◆ **What is required**: Print each line below verbatim, skipping every picture.

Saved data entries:
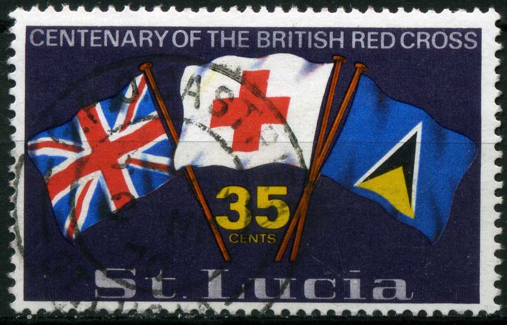 Visibility: public Image owner: none postage 6/8/1970 35c multi issue=British Red Cross 100th d=Flags of Great Britain & St Lucia - Red Cross wmk=mult crown & script CA perf=14.5 Crops No visible images cropped from this one. Measurements Resolution is unknown. Source Source name: Colnect File URL: http://i.colnect.net/b/1698/165/Flags-of-Great-Britain-and-St-Lucia---Red-Cross.jpg Uploaded December 27, 2013, 3:30 am by Stan Shebs |
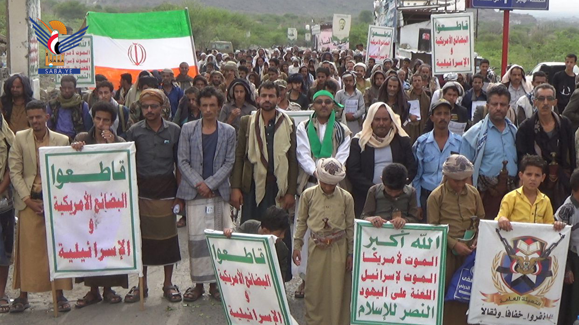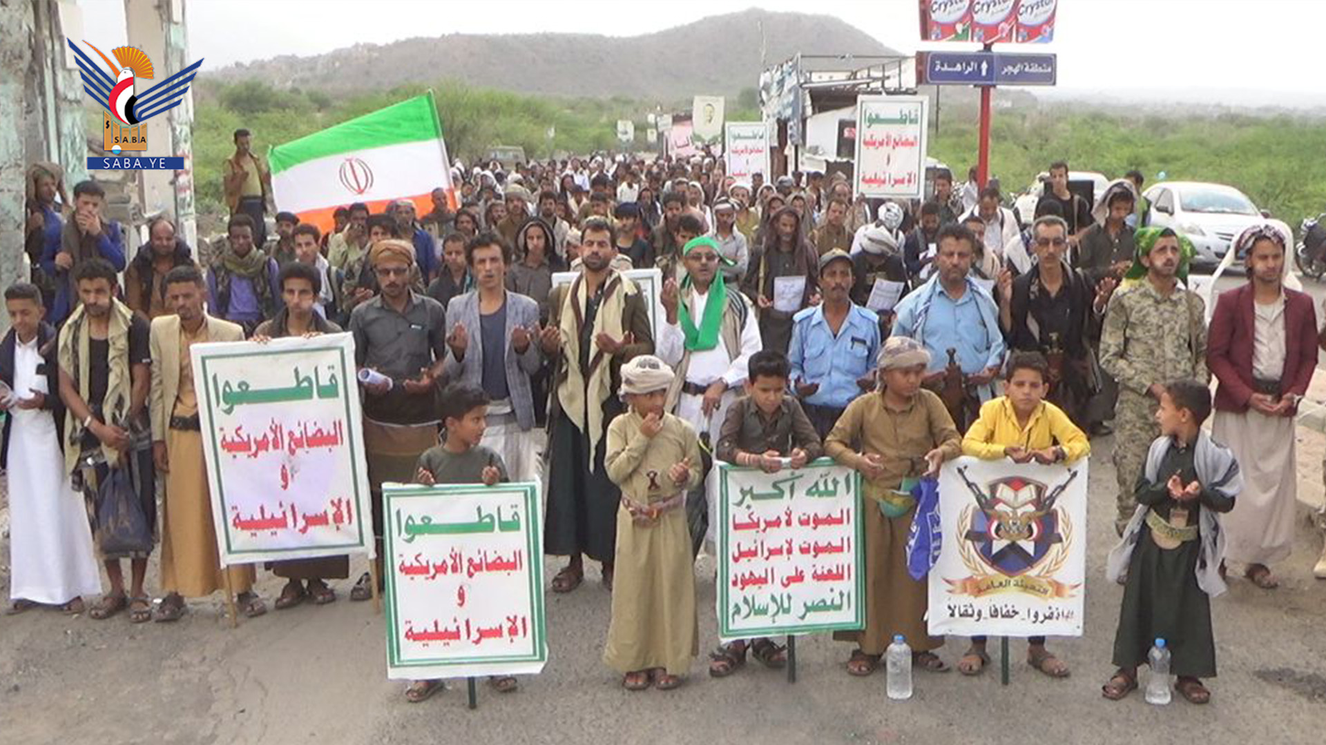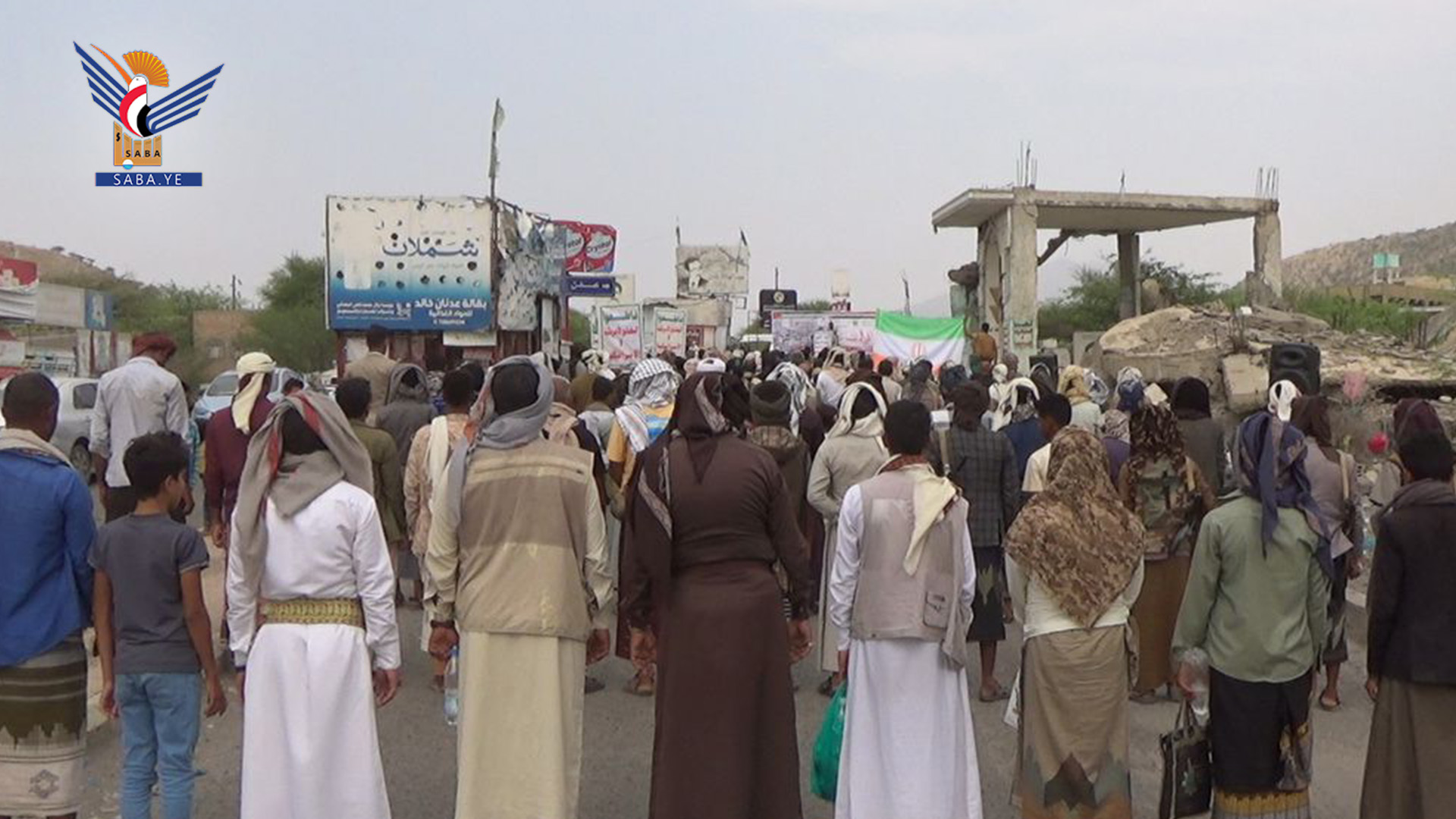 وفي المسيرتين اللتين أقيمتا بساحتي جولة الشهيد الصماد في الهجر ومدرسة النصر في الكعبين، والوقفة بمنطقة ضمران ردد المشاركون هتافات البراءة من أعداء الإسلام والخونة والعملاء.. مؤكدين استمرارهم في دعم وإسناد الشعب الفلسطيني المظلوم ومقاومته الباسلة ونصرة المسجد الأقصى.
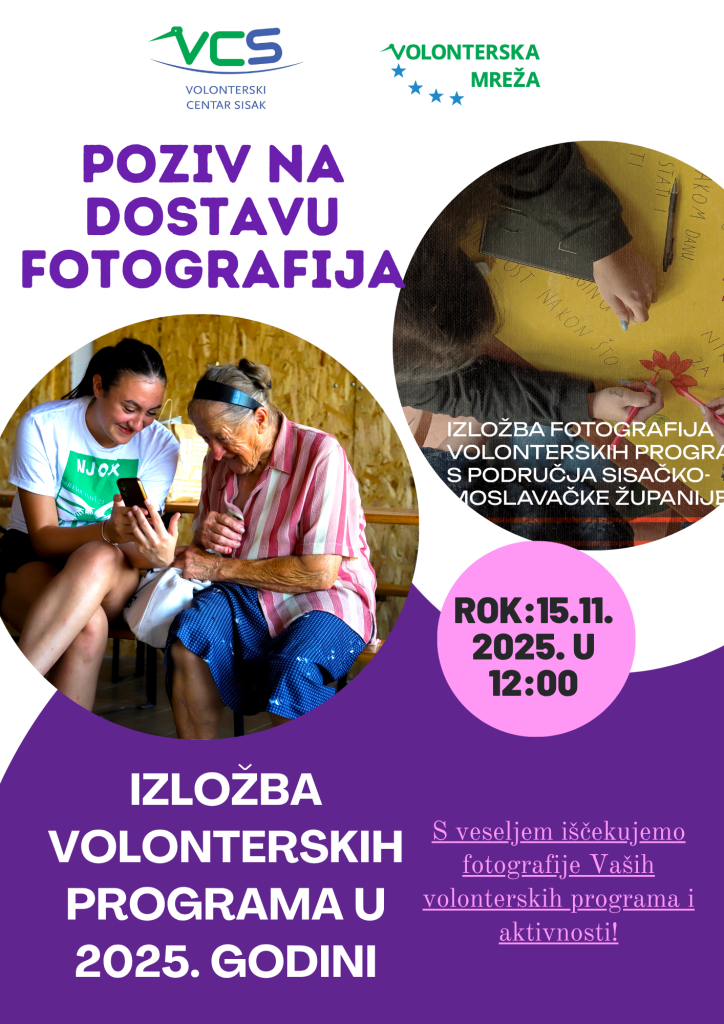 Pozivamo organizatore volontiranja s područja Sisačko-moslavačke županije da dostave fotografije volonterskih programa koje su provodili kroz 2025. godinu. Odabrane fotografije volonterskih programa biti će dio izložbe.
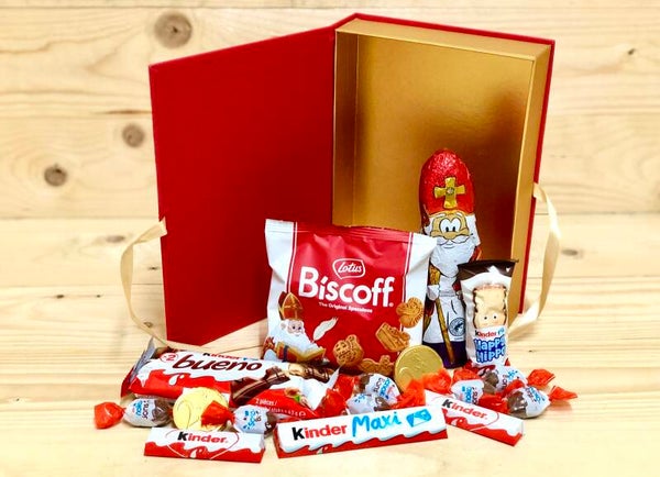 Binnenkort komt hij alweer aan : Sinterklaas ! Op zoek naar een lekker cadeautje of traktatie voor 6 december ? Dit Sint doosje vol lekkernijen is het ideale cadeautje . Aarzel zeker niet om ons te contacteren , zodat wij een Sint doosje op maat kunnen maken , aangepast aan het budget . Bij grote hoeveelheden voorzien wij een leuke korting .
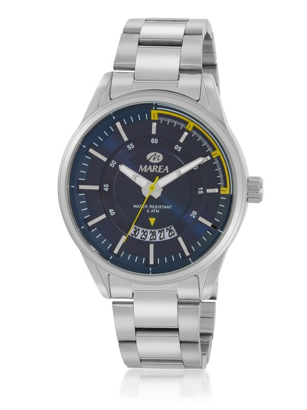 Reloj Marea Hombre B54205/2 Acero. Caja de metal. Brazalete de acero. Esfera azul con detalles en amarillo. Calendario. Sumergible 50m.
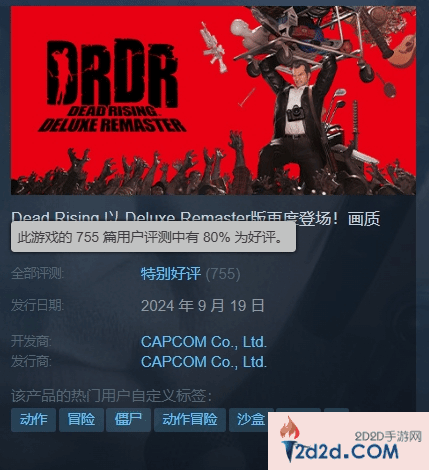 《丧尸围城:豪华复刻版》已经于昨日正式发售,目前本作的Steam评价已经从多半好评上升至特别好评。755篇用户评测中好评率为80%。

◆ **Output of the task**:
 Visibility: public Image owner: none postage 6/8/1970 35c multi issue=British Red Cross 100th d=Flags of Great Britain & St Lucia - Red Cross wmk=mult crown & script CA perf=14.5 Crops No visible images cropped from this one. Measurements Resolution is unknown. Source Source name: Colnect File URL: http://i.colnect.net/b/1698/165/Flags-of-Great-Britain-and-St-Lucia---Red-Cross.jpg Uploaded December 27, 2013, 3:30 am by Stan Shebs |
 وفي المسيرتين اللتين أقيمتا بساحتي جولة الشهيد الصماد في الهجر ومدرسة النصر في الكعبين، والوقفة بمنطقة ضمران ردد المشاركون هتافات البراءة من أعداء الإسلام والخونة والعملاء.. مؤكدين استمرارهم في دعم وإسناد الشعب الفلسطيني المظلوم ومقاومته الباسلة ونصرة المسجد الأقصى.
 Pozivamo organizatore volontiranja s područja Sisačko-moslavačke županije da dostave fotografije volonterskih programa koje su provodili kroz 2025. godinu. Odabrane fotografije volonterskih programa biti će dio izložbe.
 Binnenkort komt hij alweer aan : Sinterklaas ! Op zoek naar een lekker cadeautje of traktatie voor 6 december ? Dit Sint doosje vol lekkernijen is het ideale cadeautje . Aarzel zeker niet om ons te contacteren , zodat wij een Sint doosje op maat kunnen maken , aangepast aan het budget . Bij grote hoeveelheden voorzien wij een leuke korting .
 Reloj Marea Hombre B54205/2 Acero. Caja de metal. Brazalete de acero. Esfera azul con detalles en amarillo. Calendario. Sumergible 50m.
 《丧尸围城:豪华复刻版》已经于昨日正式发售,目前本作的Steam评价已经从多半好评上升至特别好评。755篇用户评测中好评率为80%。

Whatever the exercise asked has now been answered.